By withdrawing the probe from the long-axis view while tilting it upwards, it is possible to unveil, among other things the left atrium and the left superior pulmonary vein.
 
 Film no. 12 : TEE – view past the left superior pulmonary vein  - LA: left atrium.  
 This view is obtained from the long-axis view of the left ventricle (film 7) by withdrawing the probe a few centimeters while tilting it forwards. In some patients, improvement can be achieved by turning the multiplane probe a few degrees. The pulsed Doppler probe is positioned 1 to 2 cm before the entry of the vein in the left atrium. Color Doppler mode is useful here, and visualizes an S wave of systolic filling, which is often bi- or even triphasic, a D wave of diastolic filling, and a reverse wave during atrial systole, which is more or less fast and prolonged. The value of this recording is essentially that it detects a typical appearance of high pulmonary venous pressure: small S wave, predominant D wave, reverse, ample and prolonged A wave.
  • By continuing to withdraw the probe to about 30 centimeters from the esophageal opening, one obtains an extremely useful view which allows Doppler flow recording in the pulmonary artery downstream of the sigmoid arteries.
  • It also unveils the superior vena cava and allows longitudinal-view study (at 90°) of its variations during the respiratory cycle.
  • Finally, it visualizes the trunk of the pulmonary artery, the right pulmonary artery, and the beginning of the left pulmonary artery when seeking a thrombus.
 
 
 Film no. 13 : TEE – view of the vessels at the base of the heart
SVC: Aorta and not superior vena cava, PA: trunk of the pulmonary artery 
This view is obtained from the long-axis view of the left ventricle (film 7) by withdrawing the probe a few centimeters while tilting it forwards. This visualizes the aorta transversally as well as the trunk of the pulmonary artery and its bifurcation. By turning the probe a little, the right pulmonary artery can be followed to its lobar bifurcation. The left pulmonary artery cannot be seen or is poorly visible because the left bronchus is interposed. This view visualizes any thrombi in the pulmonary arteries. Using pulsed Doppler with the probe positioned downstream of the pulmonary valve, one can calculate as in film 11, the stroke volume of the right ventricle and its variations during ventilation.
 
 
Film no. 14 : TEE – longitudinal view of the superior vena cava
SVC: superior vena cava

This view is obtained from the view of the vessels at the base of the heart (film 13).
By centering the image on the superior vena cava in the transversal view and then progressively turning the multiplane probe to about 90°, a longitudinal view of this vein is obtained. Using motion mode, it is then easy to measure the diameter of the superior vena cava at end-expiration and its variations during ventilation. On this film, the patient presented no respiratory variations in the size of the superior vena cava. 

Media

Figure 3 : TEE long-axis view of the left ventricle in a patient ventilated because of cardiogenic acute pulmonary edema related to myocarditis. Pulsed Doppler at the mitral annulus. LV: left ventricle, RV: right ventricle, LA: left atrium. E: rapid protodiastolic filling of the LV. A: end-diastolic filling of the LV (atrial systole). Restricted mitral flow (E/A > 2, deceleration time of the brief E wave) suggestive of high end-diastolic pressure of the left ventricle.

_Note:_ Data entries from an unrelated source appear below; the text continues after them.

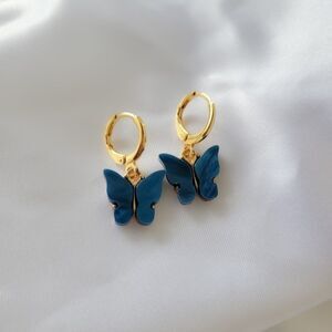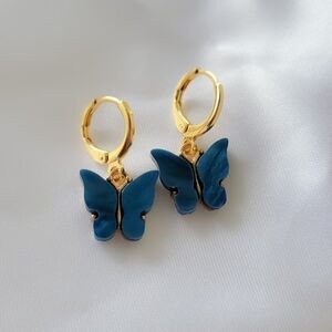 5/$25 Blue Butterfly Charm Earrings Gold Huggie Hoops Resin Butterfly Earrings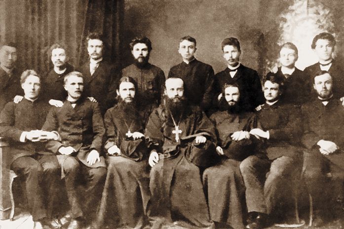Архимандрит Антоний (Храповицкий) (в центре) с иеромонахом Сергием (Страгородским) и студентами Академии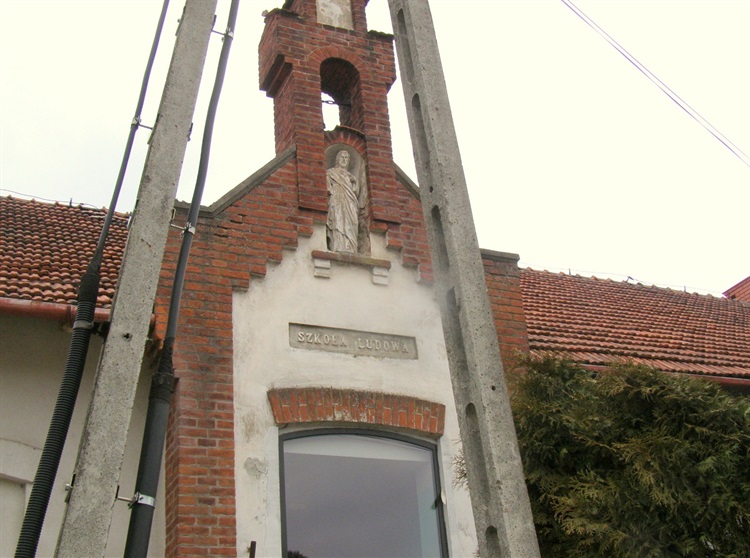 W ryzalicie znajduje się wejście do budynku szkoły, nad którym widnieje napis "Szkoła ludowa". To co najbardziej ciekawe przez "specjalistów" od energetyki zostało zasłonięte betonowymi słupami - jak by nie można było ustawić ich z pięć metrów dalej.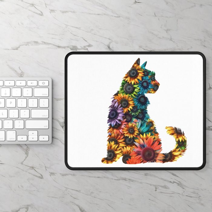 Sunflower Cat Mouse Pad! Whether it’s browsing, working, or gaming, these 9×7 inch Sunflower Cat Mouse Pads deliver a smooth experience with a custom cat design.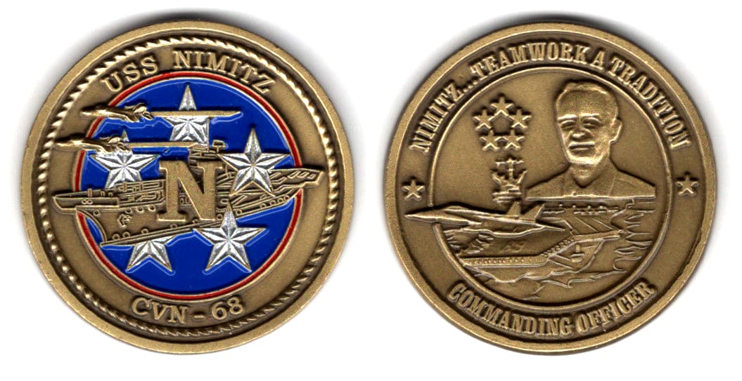 Round shaped coin, antique brass in color, 1 1/2 inches in diameter. USS Nimitz (CVN-68) is a supercarrier of the United States Navy, and the lead ship of her class. One of the largest warships in the world, she was laid down, launched and commissio... Read More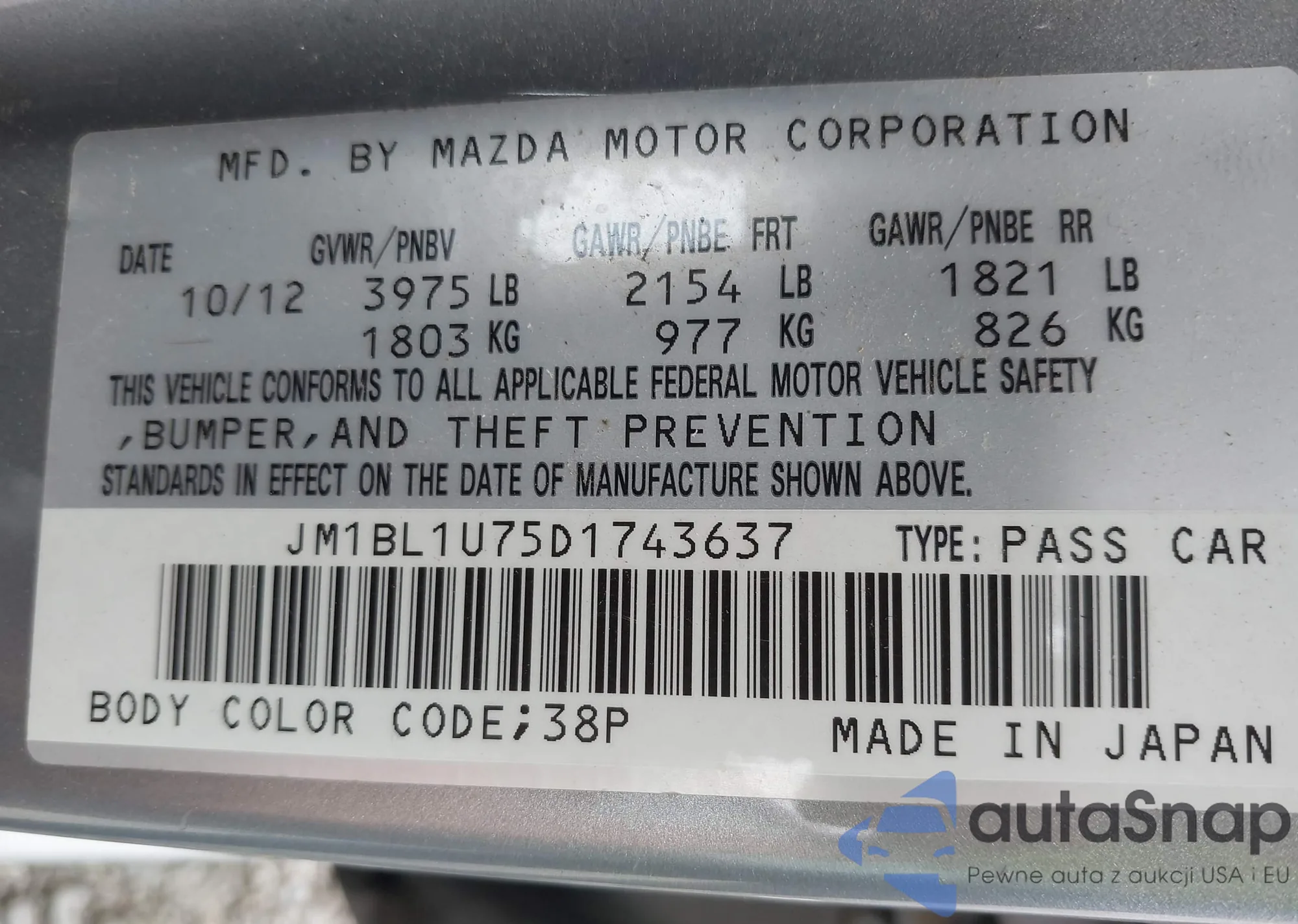 VIN: JM1BL1U75D1743637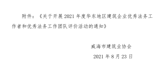 關于轉發(fā)省建筑業(yè)協(xié)會《關于開展2021年度華東地區(qū)建筑企業(yè)優(yōu)秀法務工作者和優(yōu)秀法務 工作團隊評價活動的通知》的通知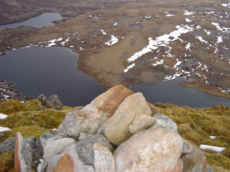 The final stretch to the summit was through very soft snow which thankfully was not very deep. On reaching the summit we stopped for a quick bite to eat and I took a photo looking over Meallan a’Chuail’s steep East-face, looking down to Lochain Meallan a’Chuail.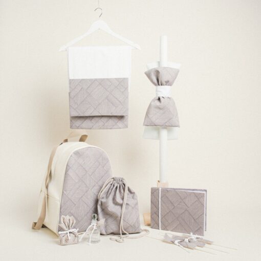 Ένα κομψό και μοντέρνο σετ βάπτισης με σχέδιο διαγώνιες γραμμές σε μπεζ απόχρωση, ιδανικό για μια minimal και εκλεπτυσμένη βάπτιση.

Figure 4 : TEE view passing through the left superior pulmonary vein in the same patient as in figure 3. S: systolic wave, D: diastolic wave. a: retrograde wave concomitant with atrial systole. The reverse view of the flow of left atrial filling (small systolic wave, large diastolic wave), and the presence of a significant A wave, are suggestive of high LV end-diastolic pressure.